The nurse told me that the family appeared ready to withdraw care, so the attending, the nurse, and I joined Muriel's husband, son, and daughter in a small waiting room adjacent to the MICU. The gloom in the air was suffocating.

An eerie sense of sorrow penetrated my core as I was filled with memories of all the end-of-life discussions I'd had with families over the years. I felt simultaneously enmeshed and withdrawn from the family in front of me. Their suffering was clearly expressed in their heavy eyes and sagging shoulders; I knew they were ready to let go of their loved one.

Appropriately compassionate, the words flowed easily from the attending doctor, almost too easily. However, I took comfort in the hope that his words had brought the family a bit of solace during this difficult time.

As senior resident it was my responsibility to withdraw care. I entered an order to discontinue Muriel's blood pressure support and to begin a morphine drip. We had emphasized to the family that our primary goal was to make her comfortable. We all hoped that without her pressors, her blood pressure would rapidly fall and she would pass gently without having to extubate her. After two hours of waiting, it was clear this was not going to happen.

Although her blood pressure had fallen, Muriel maintained a solid pulse. I approached the family and asked if they wanted to continue to wait or if they wanted us to discontinue her ventilatory support. Her husband, without hesitation, said that he wanted us to extubate her.

I asked Muriel's nurse to give her an extra bolus of morphine so she wouldn't experience air hunger when we removed her endotracheal tube. Just then, as her nurse was pushing the morphine, the waveform on the cardiac monitor widened, and Muriel passed away.
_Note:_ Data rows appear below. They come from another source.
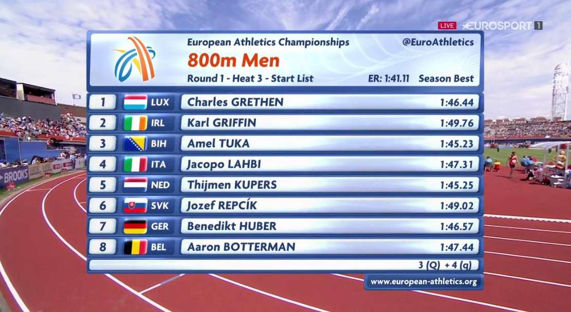 Tuka drugi u 3.kvalifikacionoj grupi na 800 metara na EP u Amsterdamu – Drugi bh. predstavnik na Evropskom prvenstvu, Amel Tuka nastupio je danas u trećoj kvalifikacionoj grupi trke na 800m.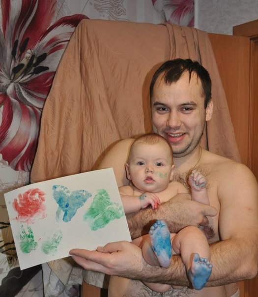 Они разве бывают не активные , они все такие шустрики. Энергии та еще хоть отбавляй.А мы как-то не заворачиваемся, что все уделает и не разу не уделывал. Растелаю на всю гостиную рулон бумаги и вперед ляпать сначала на бумаге потом себя всего и бежим в зеркало глядеть--- КРАСОТА!!!! |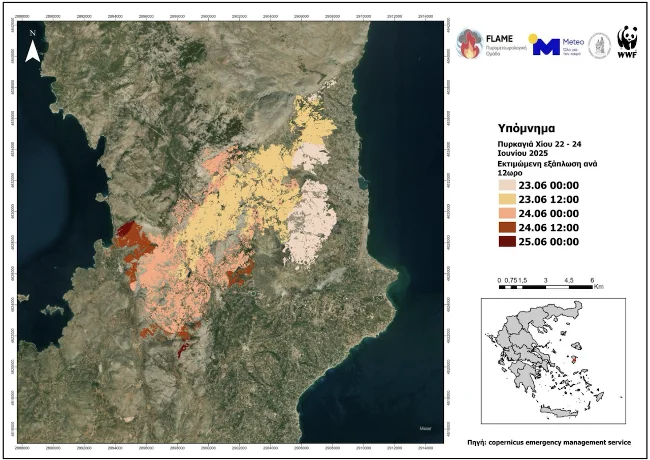 Όπως φαίνεται από τον χάρτη εξάπλωσης της πυρκαγιάς, που συμπεριλαμβάνεται στην προκαταρκτική ανάλυση που έκαναν από κοινού η πυρομετεωρολογική ομάδα FLAME της μονάδας ΜΕΤΕΟ του Εθνικού Αστεροσκοπείου Αθηνών και η WWF Ελλάς, η μεγαλύτερη ζημιά έγινε τη Δευτέρα 23 Ιουνίου, όταν κάηκαν 29.000 στρέμματα.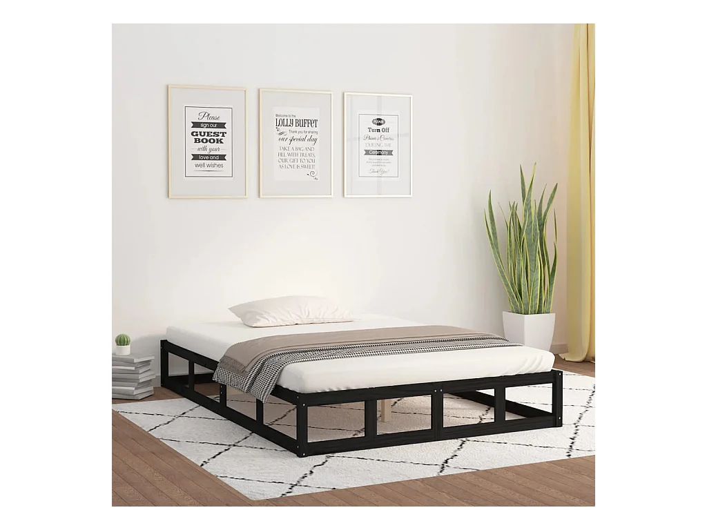 Cadre de lit Noir 140x190 cm Bois massif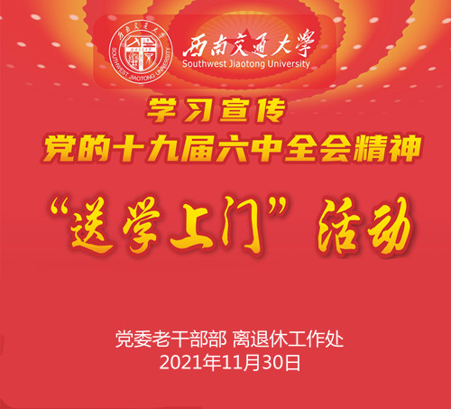 为在全校离退休教职工中广泛开展党的十九届六中全会精神学习宣传,结合目前疫情防控和离退休教职工实际需要,党委老干部部(离退休工作处)于2021年11月30日-12月1日,在九里、犀浦两校区分时段、分区域开展“送学上门”活动,受到广大离退休教职工的热烈欢迎和高度肯定。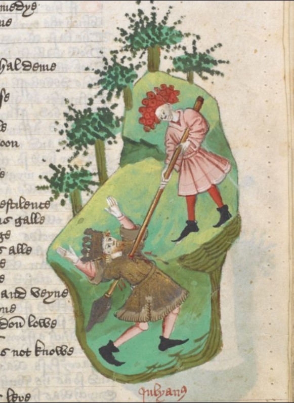 Londra, British Library, Harley 1766, f. 201r. Giuliano l'Apostata viene ucciso da un uomo con la lancia.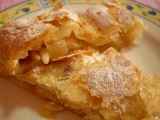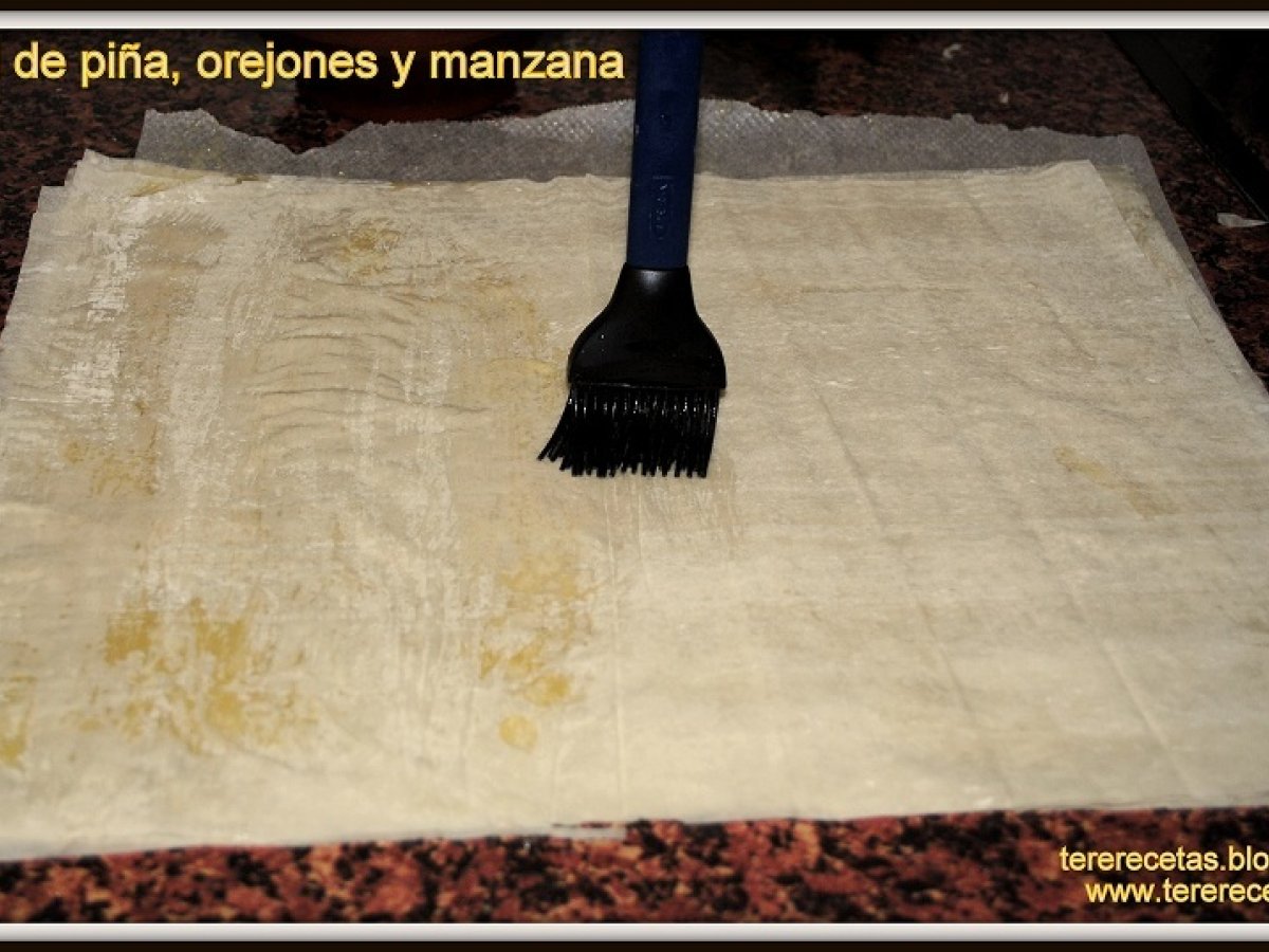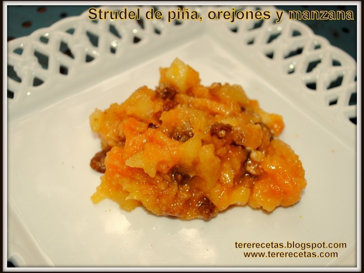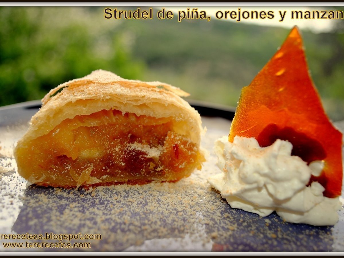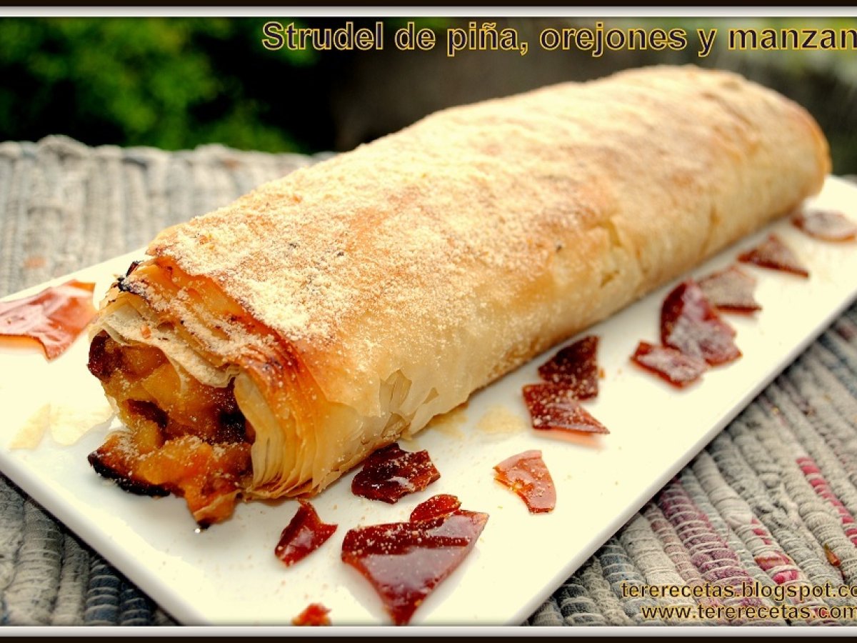 Hola a todos... Hoy quería hacer un strudel para llevar a casa de unos amigos pero que no fuera el típico de manzanas, así que me aventuré en mezclar orejones, piña y manzana y el resultado ha sido delicioso..claro el sabor predominante es el de los orejones de albaricoque y las piñas pero la manzana le aporta consistencia...Hice el doble de las cantidades, salieron dos strudel y menos mal porque no quedaron ni las migas.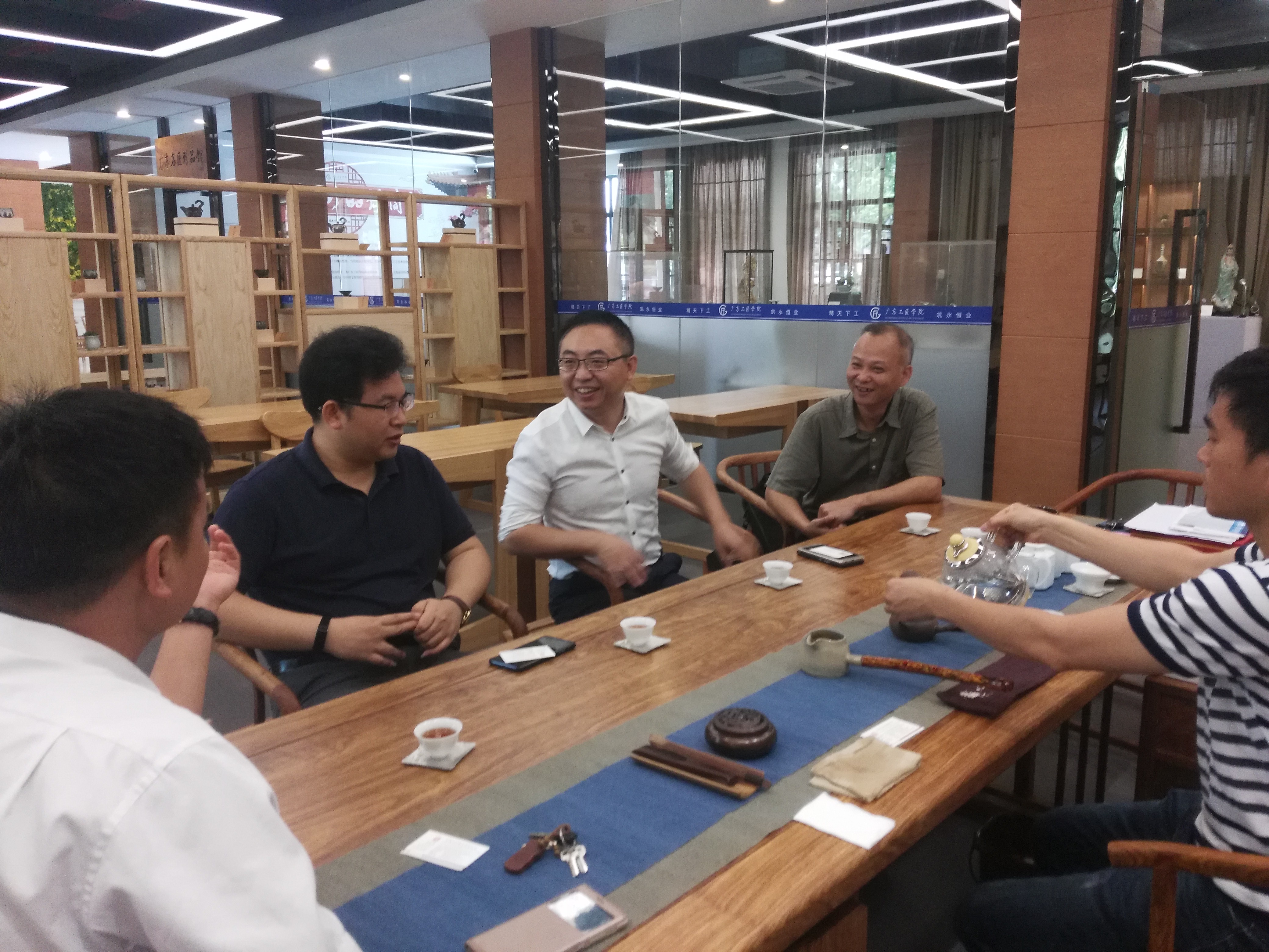 在座谈会中,王学真副校长介绍了广东工匠学院的成立过程、办学初衷,以宏扬“工匠精神”为目标,寄望稻香集团与工匠学院的深度合作能产生更大的社会效应;黄玉良副院长从建立实践基地、合作办学、专业融合、举办技能竞赛等各方面,与李晓明先生探讨了校企双方合作的可行性;李先生在介绍稻香集团的详细情况后,表达了集团董事长的意愿,希望能借助学校丰富的人才资源,共建校内实训室,建立产品研发中心,开展赴港劳务输出,使企业的持续发展具备更多的条件;张树清老师介绍了“现代学徒制”的办班情况,希望在前期协商的基础上,细化与推动与稻香集团的合作。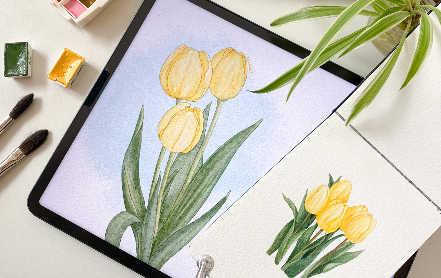 (오른쪽) 실제 스케치북에 수채화로 그린 튤립 일러스트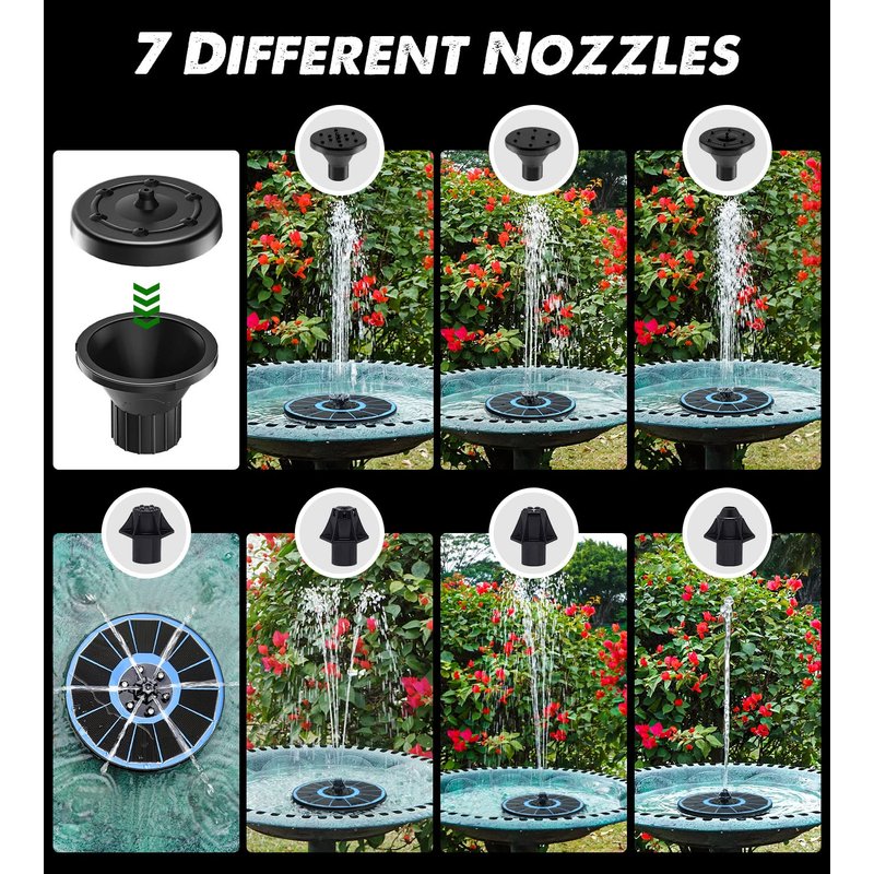 - ๐ฆ๐๐ง๐ญ๐ข-๐๐ซ๐ข๐๐ญ ๐๐๐ฌ๐ข๐ ๐ง: The package comes with a 6.3 inch solar fountain, 8 nozzles, 4 *5 fixed rods and 3 filter cotton. Do you worry about the solar fountain swing around the birdbath and spray outside? The fixed rods are better prevent the solar fountain from moving randomly. With 8 nozzles, you and your family can enjoy 8 fountain style. Solar bird bath fountains perfect for pond, pool, outdoor, patio, garden decoration, kids playing and animal drinking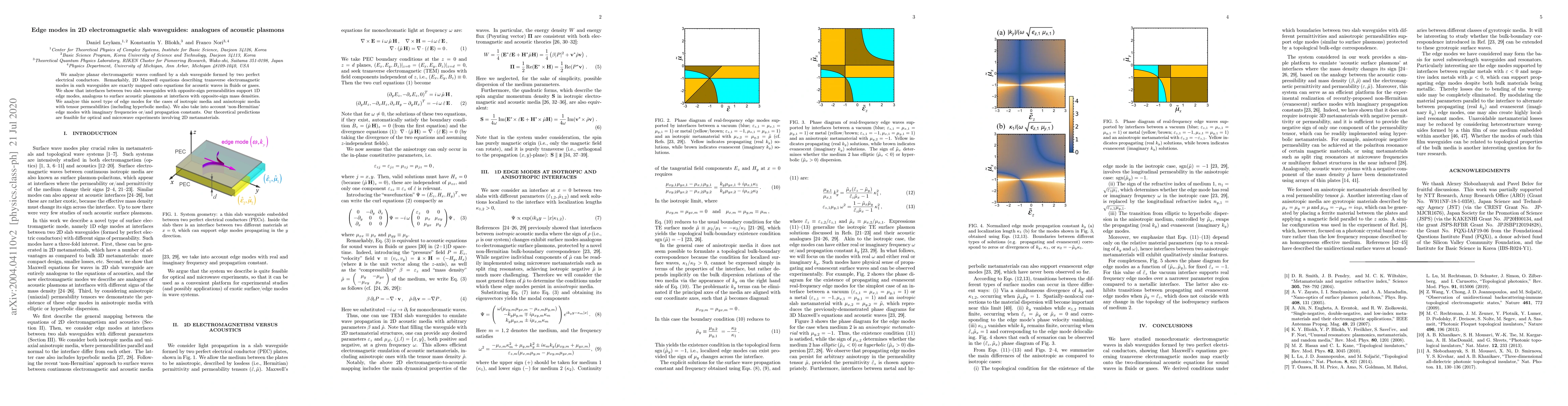 This paper investigates electromagnetic edge modes in 2D slab waveguides, demonstrating their analogy to acoustic plasmons. It shows that these edge modes arise at interfaces between waveguides with opposite-sign permeabilities, extending the analysis to both isotropic and anisotropic media, including hyperbolic materials, and considering non-Hermitian effects.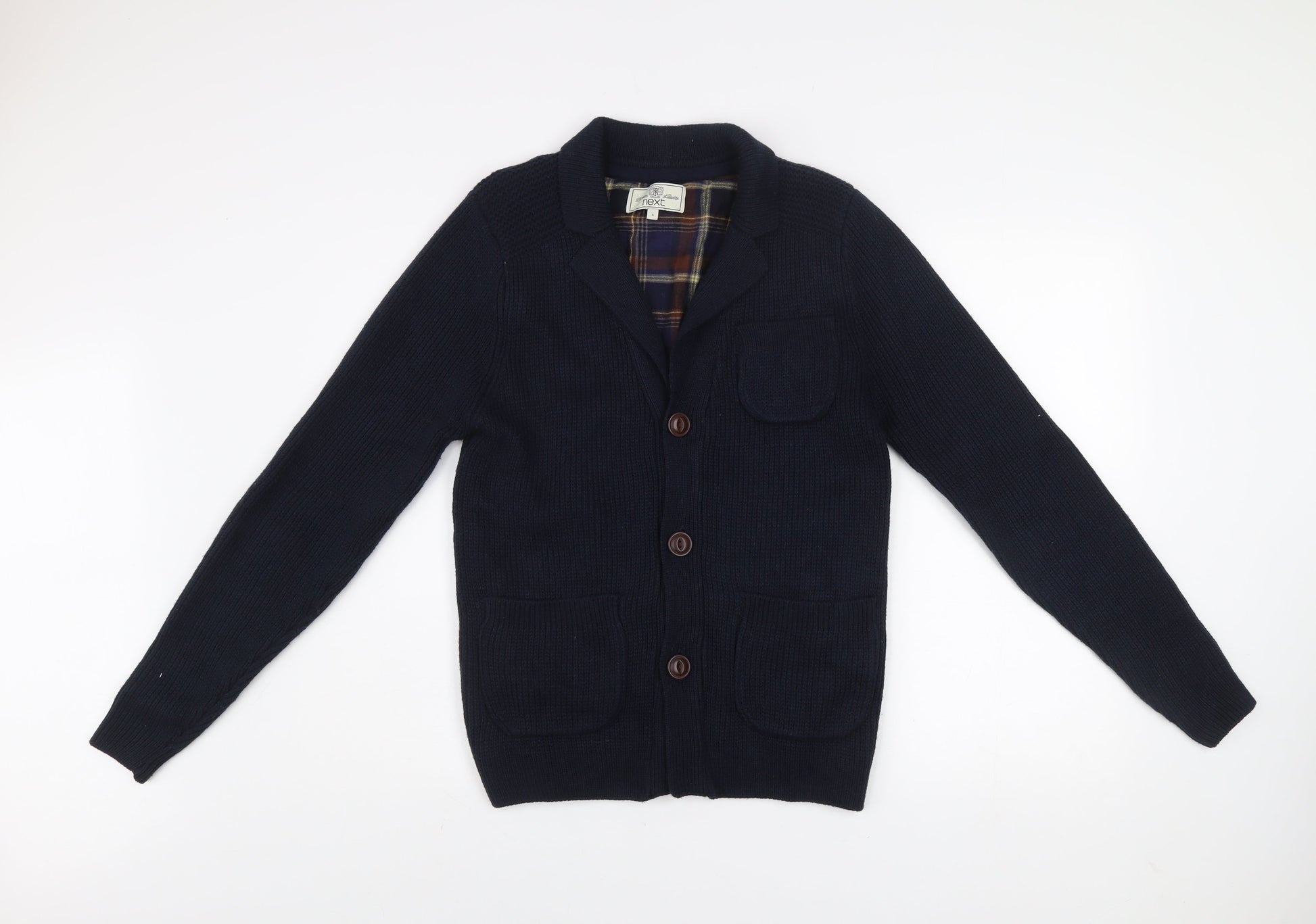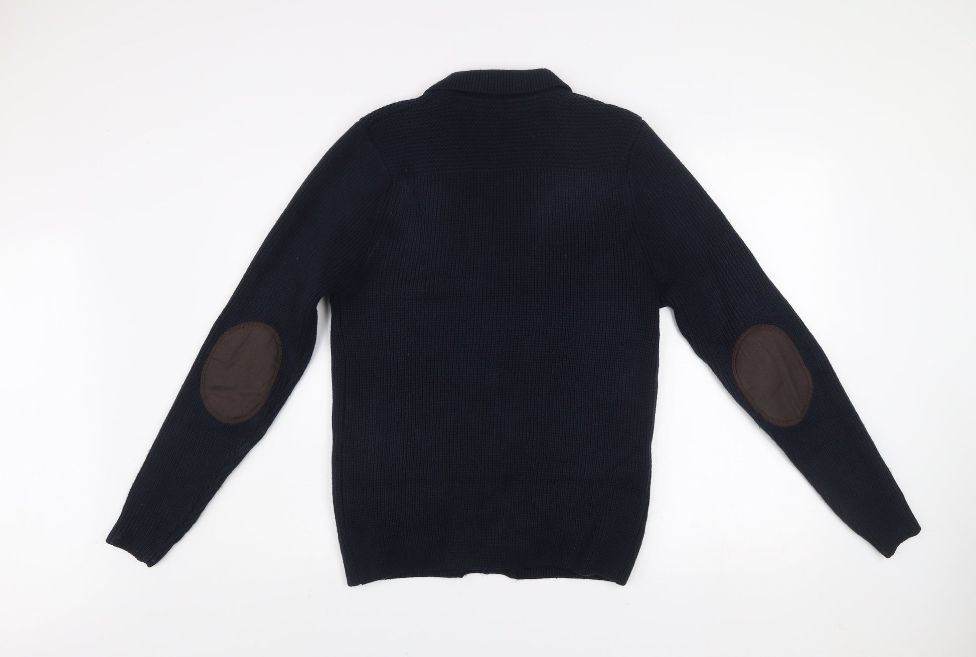 Next Men’s Blue Cotton Chunky Knit Collared Cardigan Size S

I confirmed that she no longer had a pulse and pronounced her. Despite having done this countless times, I marveled at the awesome responsibility we have and our influence on life and death.

I walked out of the room, leaving the family to spend a last few moments with Muriel. A haunting emptiness assaulted me as I found myself suddenly detached from my bustling surroundings. Although confident that her death was for the best, my inability to save her left me with a sense of inadequacy. I was permeated by a huge sense of loss—the loss of my patient, the loss of a life.

As I walk home alone, I can't stop thinking about Muriel's family. Her husband's creased forehead, the tears in her children's eyes. Do they know how they have moved me? Do they know the heartache I feel over their loss? Do they know I am still thinking of Muriel as I walk down the corridor, ride the elevator, and escape the hospital walls? I can still feel my fingers on her skin, searching for her pulse but finding none. Time of death, 5:13 pm.

 

Jennifer Rosenblum. Why I still cry. Medical Economics 2002;13:65.